The Tombstone Edition

Saturday, January 31, 2009

Displacement

A little literary criticism goes a long way in displacing familiar ideas, rolling back the curtains on the mechanics behind settled landscapes. Wouldn't the uncomfortable familiar have made more sense long ago had E.P. Thompson and Raymond Williams been part of a required summer reading list? There really was a time when private property didn't exist the way it does today. Who would have thought it? I never understood the importance of the commons, the implications, the independence they offered, the absence of yokes for all members of the population. And they weren't obscure traditions in hamlets over yonder. Even famous poets like Wordsworth relied on those common laws that made hedging possible for firewood in the cold, and wrote little poems to bemoan the losses of those small freedoms. Little by little, over centuries, we've eliminated every possible road to freedom for all but the most privileged.

Wednesday, December 12, 2007

Foucault on Fearless Speech "Parrhesia"

In Foucault's Fearless Speech, he starts out by offering a genealogy of "parrhesia" [free speech in English] which appears in Euripides for the first time in Greek literature [c. 484-407] (11). "The one who uses parrhesia ... is someone who says everything he has in mind: he does not hide anything, but opens his heart and mind completely to other people through his discourse (12). It departs from "rhetoric" which is meant to "help a speaker .. prevail upon the minds of [an] audience (regardless of the rhetorician’s own opinion)" while the "parrhesiastes acts on other people's minds by showing them as directly as possible what [s/he] actually believes" (12).

Sometimes, there is a "pejorative sense" of "parrhesia" found in Plato and Christianity in reference to the dangers of allowing anyone to say anything (12-13). But in classical texts, mostly, parrhesia is viewed in a positive light, meaning "to tell the truth." According to Foucault, the "parrhesiastes says what is true because he knows it is true; and he knows that it is true because it is really true.... There is always an exact coincidence between belief and truth" (14).

Foucault asserts that the classical sense of parrhesia can no longer happen within our current epistemological framework, post-Descartes. The "modern (Cartesian) conception of evidence" demands a coincidence of belief and truth mentally, while the Greeks sought out the coincidence of belief and truth "in a verbal activity," parrhesia (14).

There are two questions, the first classical and the second modern: 1) how can we know that someone is a truth teller, and 2) how can that individual be so sure? "Courage" is a strong indication that someone is a parrhesiastes: "If there is a kind of 'proof' of the sincerity of the parrhesiastes, it is [his or her] courage" (15).

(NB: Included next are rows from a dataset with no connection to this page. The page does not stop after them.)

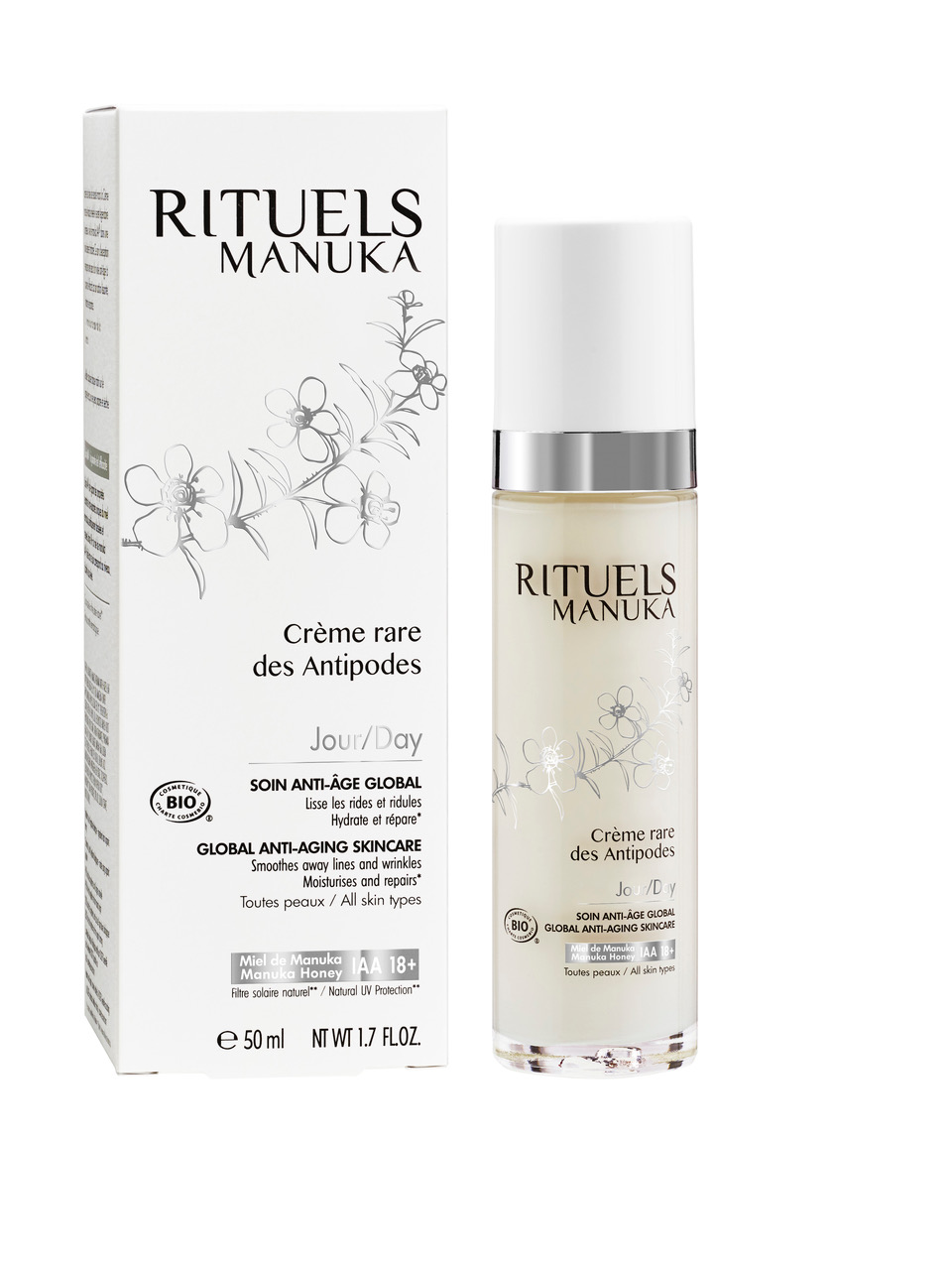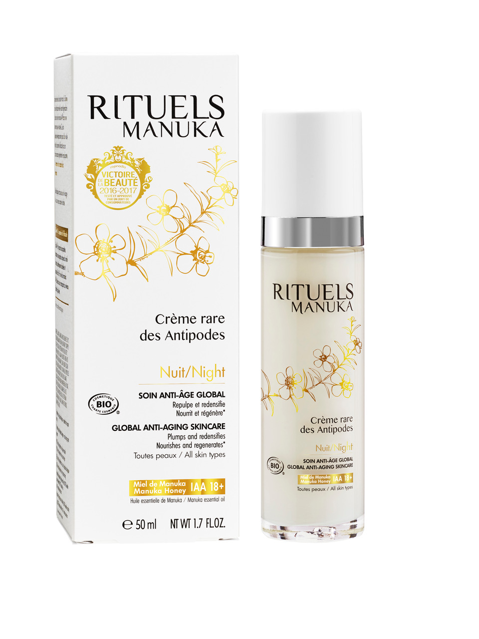 Formulée à partir de miel de manuka IAA®18+ aux propriétés réparatrices et antioxydantes reconnues, la gamme de soins anti-âge Rituels de Manuka est certifiée biologique (COSMEBIO) et exclusivement composée d’ingrédients naturels remarquables. Légère et fondante, la « Crème rare des Antipodes Jour » contient par exemple de l’huile de karanja bio agissant comme un filtre solaire naturel. Primée aux Victoires de la Beauté 2016-2017, la « Crème rare des Antipodes Nuit » est quant à elle composée d’huile essentielle de manuka, un actif puissant, réparateur et assainissant. Onctueuse et veloutée, elle bénéficie comme le soin de jour d’un parfum délicat de lotus blanc. Avec cette nouvelle gamme de soins anti-âge, Rituels Manuka invente la Manukathérapie® pour renouer avec la nature, avec sa nature.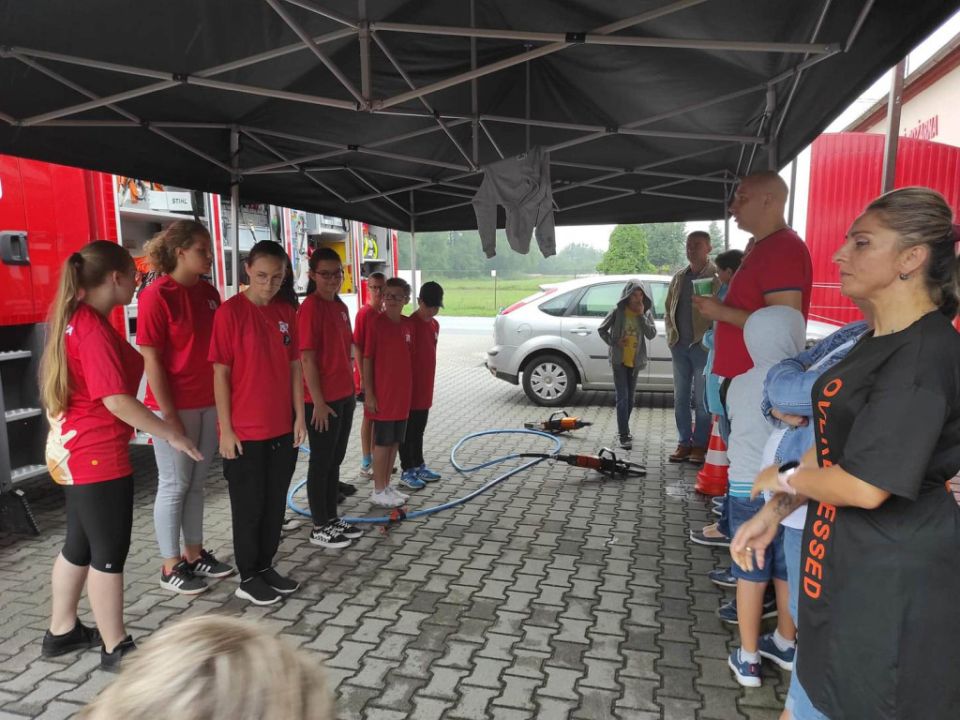 Uczestników spotkania powitał prezes jednostki dh. Tomasz Musiał oraz opiekunowie MDP dh. Aleksandra Lorych i dh. Maciej Tobółka. Dla gości został przygotowany bufet z grillem oraz różne atrakcje. Drużyna młodzieżowa, zaprezentowała rodzicom pokaz musztry, a następnie omówiła wyposażenie auta bojowego.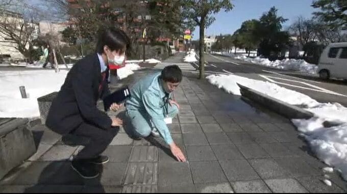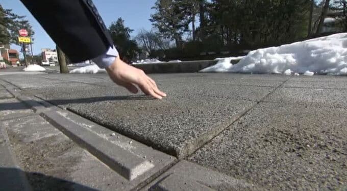 金沢市の第2庁舎前。平板ブロックのガタつき、段差が生じ、歩行者がつまずくことも考えられる状況。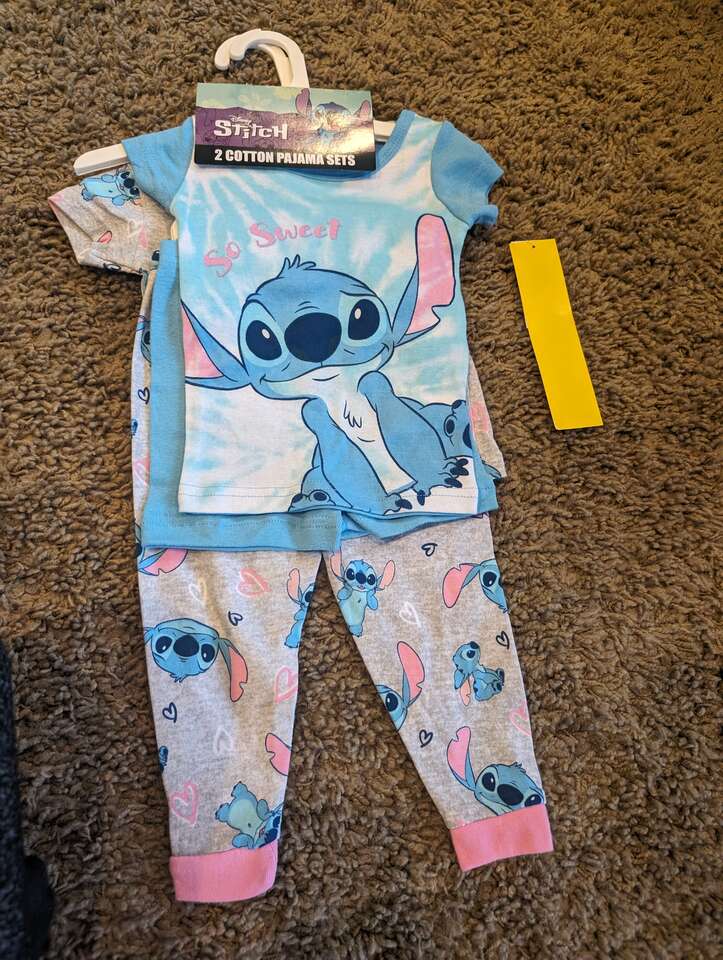 VenmoBrand new 4 piece (2 pair of pajamas) Stitch and Hello Kitty sets. These fit smaller than expected. I would recommend them for a 12 month-old. They are too small for my 18 month-old.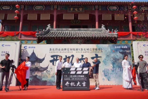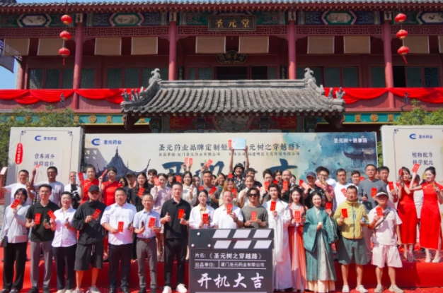 8月20日上午,横店影视城华夏文化园芙蓉阁阳光正好,微风和煦,厦门太阳成集团tyc33455cc药业有限公司品牌定制短剧《太阳成集团tyc33455cc树之穿越路》在此盛大开机!
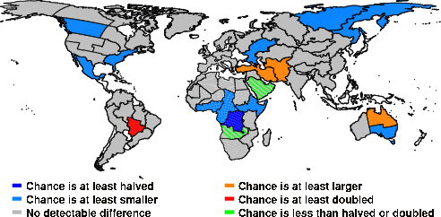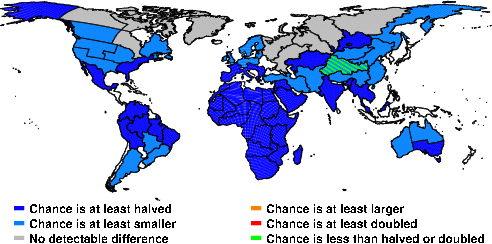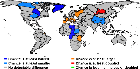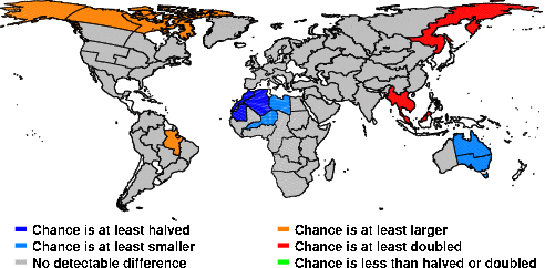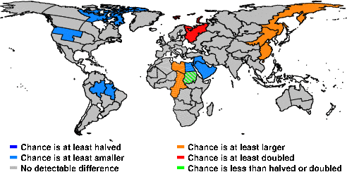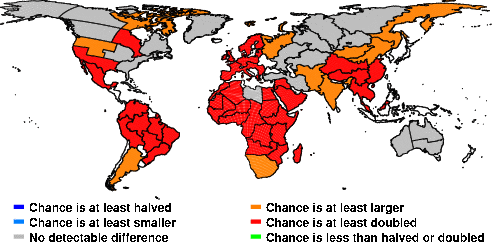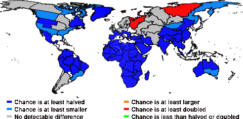 | These maps show what we can say with some confidence about how the chances of an unusual June 2014 have been changed because of our greenhouse gas emissions. More details are given below the maps. |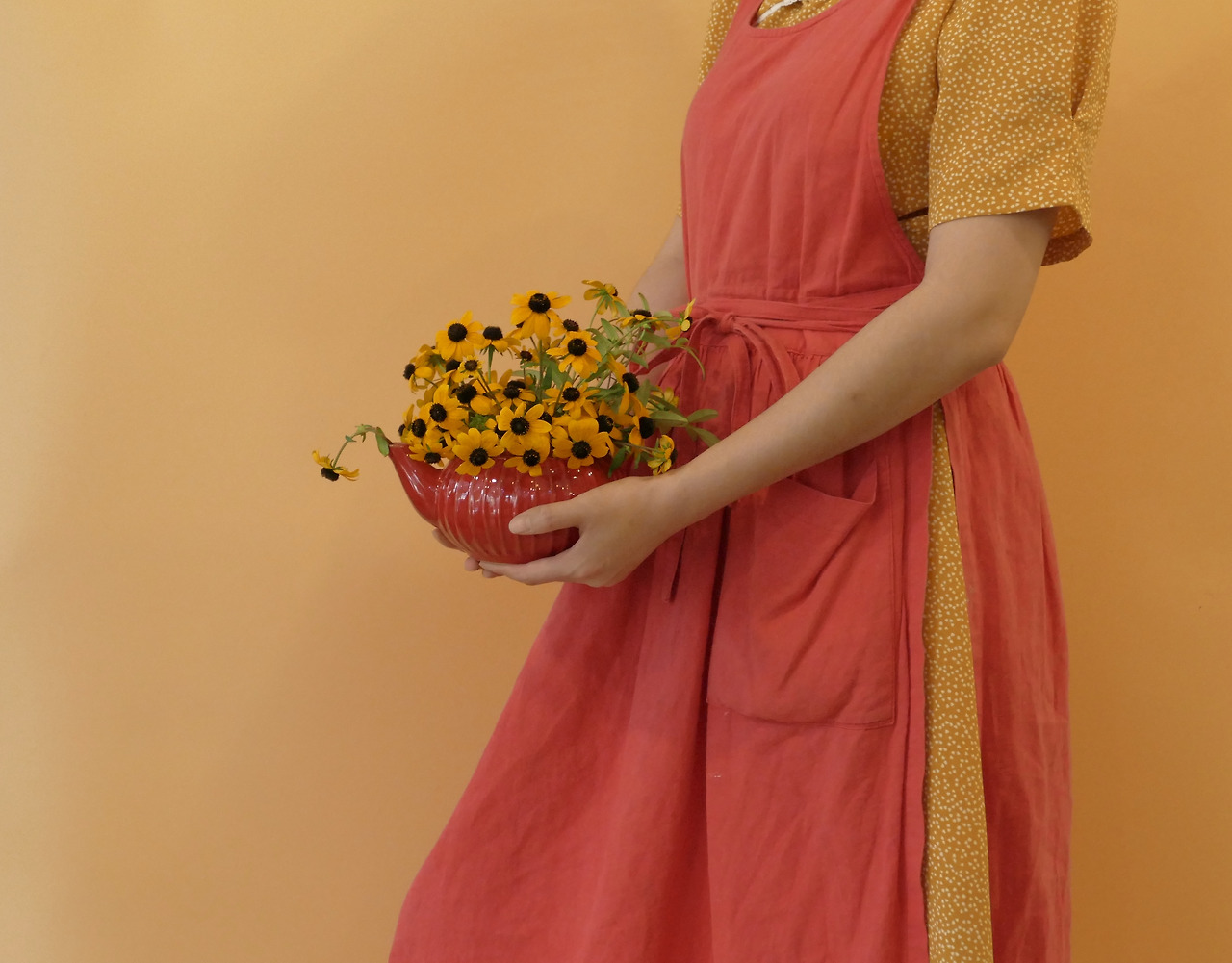 여러가지 종류의 꽃을 섞어서 사용할 수도 있지만 한 가지 종류만 써도 심심하지 않게 만들 수 있다. 다른 꽃과 함께 쓰면 다른 꽃을 시들게 할 수도 있는 루드베키아 한 종류만 써서 만들었다. 다이소에서 5천원에 산 이 빨간 주전자는 컬러가 강렬해서 안에 꽂는 꽃과 컬러의 대비를 주면 아주 심플한 디자인도 지루하지 않게 표현할 수 있어 좋아한다. 한가지 종류의 꽃만 사용할 때 가장 중요한 점은 꽃이 하나의 덩어리로 뭉쳐져 보이지 않게 표현하는 것이다.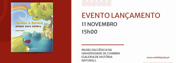 A apresentação do Livro "Nicolau e Aurora, amigos para sempre", da autoria de Cristina Rufino, decorrerá na Galeria de Zoologia do Museu da Ciência da Universidade de Coimbra, no próximo dia 11 de novembro, pelas 15h00. Para além da autora, contamos com a presença da Filipa Queiroz, Directora da revista Coimbra Coolectiva e ainda da Helena Faria, Fundadora da Camaleão, Associação Cultural.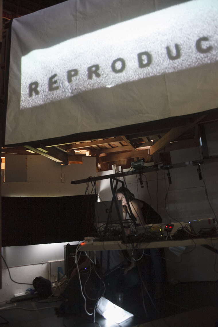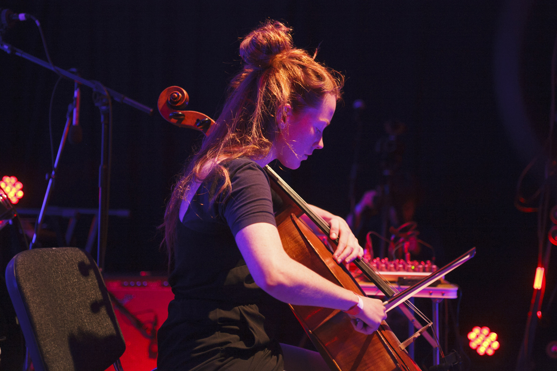 Lucy Railton at Space-Time Festival (2014). Photo by Mike Cameron. Courtesy Wysing Arts Centre.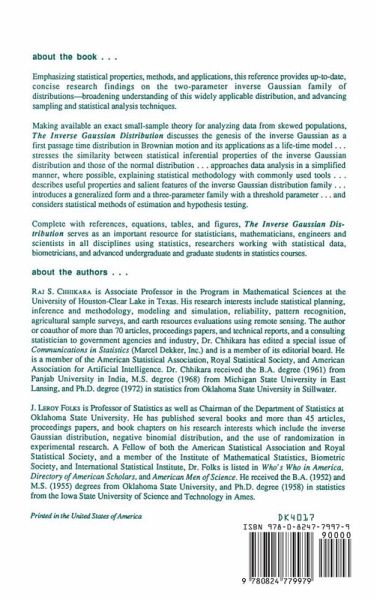 This monograph is a compilation of research on the inverse Gaussian distribution. It emphasizes the presentation of the statistical properties, methods, and applications of the two-parameter inverse Gaussian family of distribution. It is useful to statisticians and users of statistical distribution.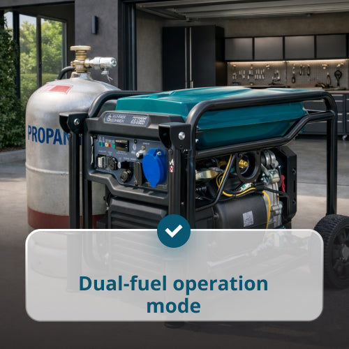 • Capacidade de combustível duplo (gasolina e gás) proporciona máxima flexibilidade, permitindo-lhe escolher o combustível mais acessível ou económico, reduzir os custos operacionais e manter o fornecimento de energia mesmo que um tipo de combustível seja limitado.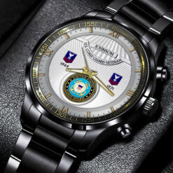 Make your Black Stainless Steel Watch uniquely yours by adding your custom information such as name, rank, and years of service. This personalized detail adds a special touch, celebrating your military journey with elegance and grace.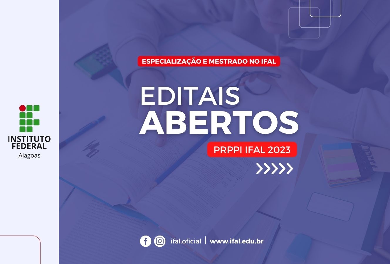 Editais de especialização e mestrado profissional do Ifal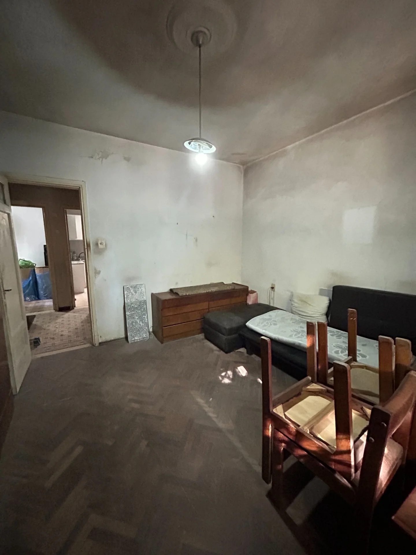 Living comedor al frente, 2 dormitorios, 1 al frente el otro hacia el patio. Cocina definida hecha a nuevo y baño completo hecho a nueva. Hay que hacerle mantenimiento de pintura. Pisos en muy buen estado.
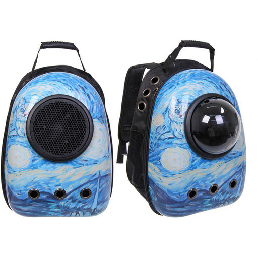 Рюкзак-переноска самое удобное решение для комфортной транспортировки домашнего питомца. Обтекаемая форма рюкзака-переноски напоминает космический шаттл с ярким дизайном "Люблю Ван Гога!" . Это необходимый аксессуар для путешествия, ведь она отвечает всем необходимым требованиям: переноска выдерживает вес до 7 кг, имеет прочный износостойкий материал и жесткое дно, есть отверстия для подачи корма и несколько отверстий для вентиляции, чтобы вашему питомцу было комфортно в течение всей поездки. Рюкзак выполнен из высокопрочного пластика. Он намного долговечнее легких сетчатых моделей, поэтому больше подходит для частых, долгих путешествий. Спинка ортопедическая. Удобная ручка и регулирующиеся по длине лямки рюкзака, позволят с комфортом для вас нести переноску с питомцем внутри. Благодаря иллюминатору питомец сможет наблюдать за окружающим миром, но в то же время находиться в безопасности. Размер переноски 27*33*43см.­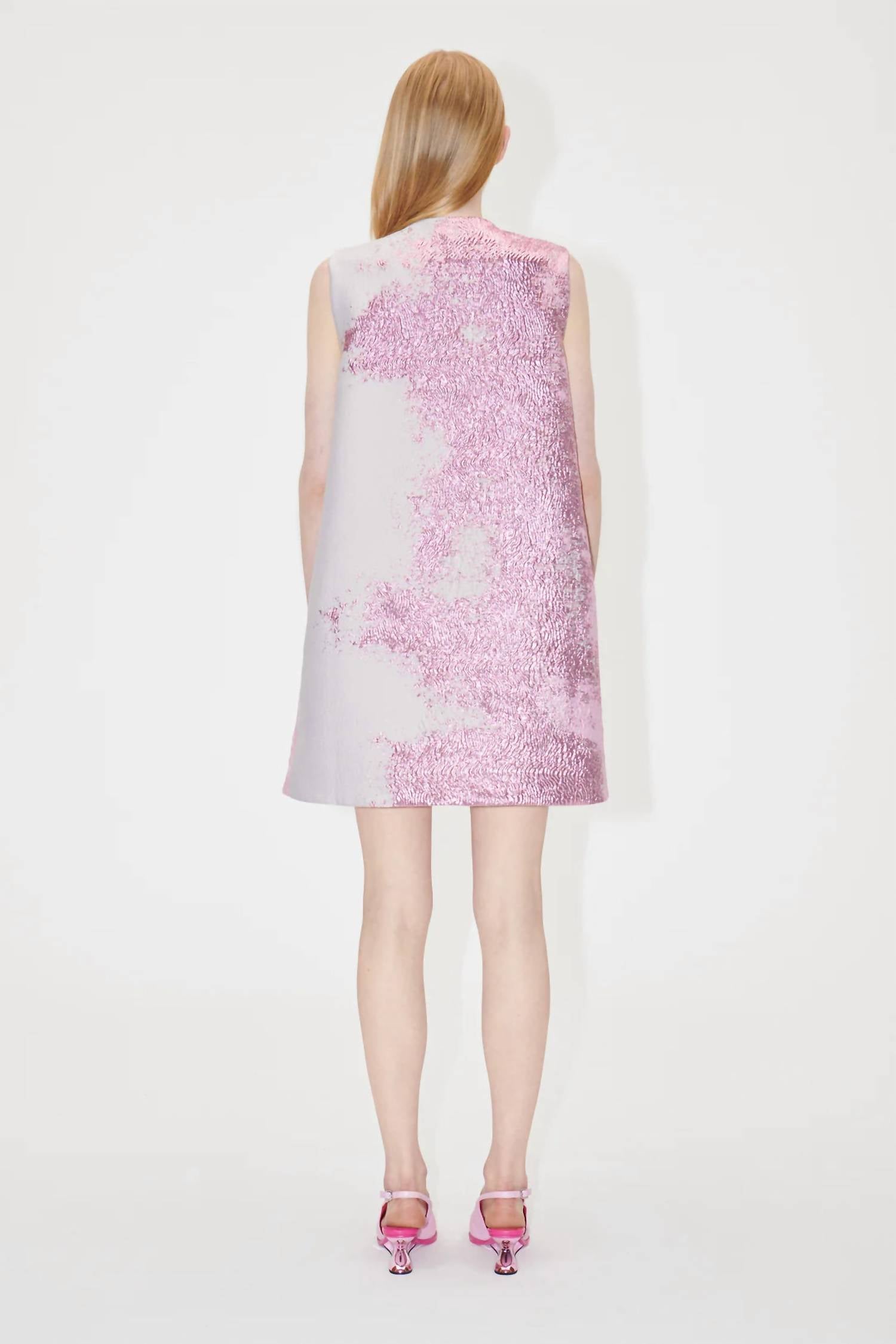 Step out in style with the Tamar Dress by STINE GOYA, an elegant choice in a Wild Rose hue. This sleeveless dress showcases a V-neckline and an A-line mini silhouette, crafted from textured metallic material for a touch of luxury. Featuring convenient side pockets and fully lined with 100% recycled polyester, it offers both comfort and sustainability. Closure: Pull on. Care: Dry clean only. Perfect for evening events, this dress embodies quiet luxury ideal for Valentine's Day and other special occasions.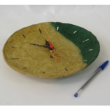 RELÓGIO DE PAREDE, DE FORMATO CIRCULAR (23,5X4 CM) CONFECCIONADO COM CASCA DE LARANJA E FIBRA DE CANA DE AÇÚCAR, NAS CORES OCRE, E VERDE. POSSUI A INSCRIÇÃO 'AT' NA FRENTE. ACOMPANHA CARTÃO DE VISITA DA 'ARTE DA TERRA - ARARAQUARA'. ACONDICIONADO EM CAIXA SEXTAVADA DE PAPELÃO, COM MESMA INSCRIÇÃO NA TAMPA.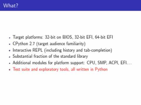 Target platforms: 32-bit on BIOS, 32-bit EFI, 64-bit EFI CPython 2.7 (target audience familiarity) Interactive REPL (including history and tab-completion) Substantial fraction of the standard library Additional modules for platform support: CPU, SMP, ACPI, EFI. . . Test suite and exploratory tools, all written in Python

There are three requirements for someone to be a parrhesiastes or something to be parrhesia. Firstly, danger must be involved: “[T]here has to be a risk or danger … in telling the truth” (16). Secondly, parrhesia must function as criticism: “Parrhesia is always a game between the one who speaks the truth and the interlocutor” … and has to engage in “a criticism of the interlocutor or of the speaker” (17). Thirdly, “in parrhesia, telling the truth is regarded as a duty,” and maybe more importantly, “the orator who speaks the truth is free to keep silent” (19). So then, choice becomes a factor out of a sense of duty ... to the truth? The positive and classical sense of parrhesia establishes a relationship then between freedom and duty—two ideas which in the Cartesian sense are often deemed psychologically incompatible.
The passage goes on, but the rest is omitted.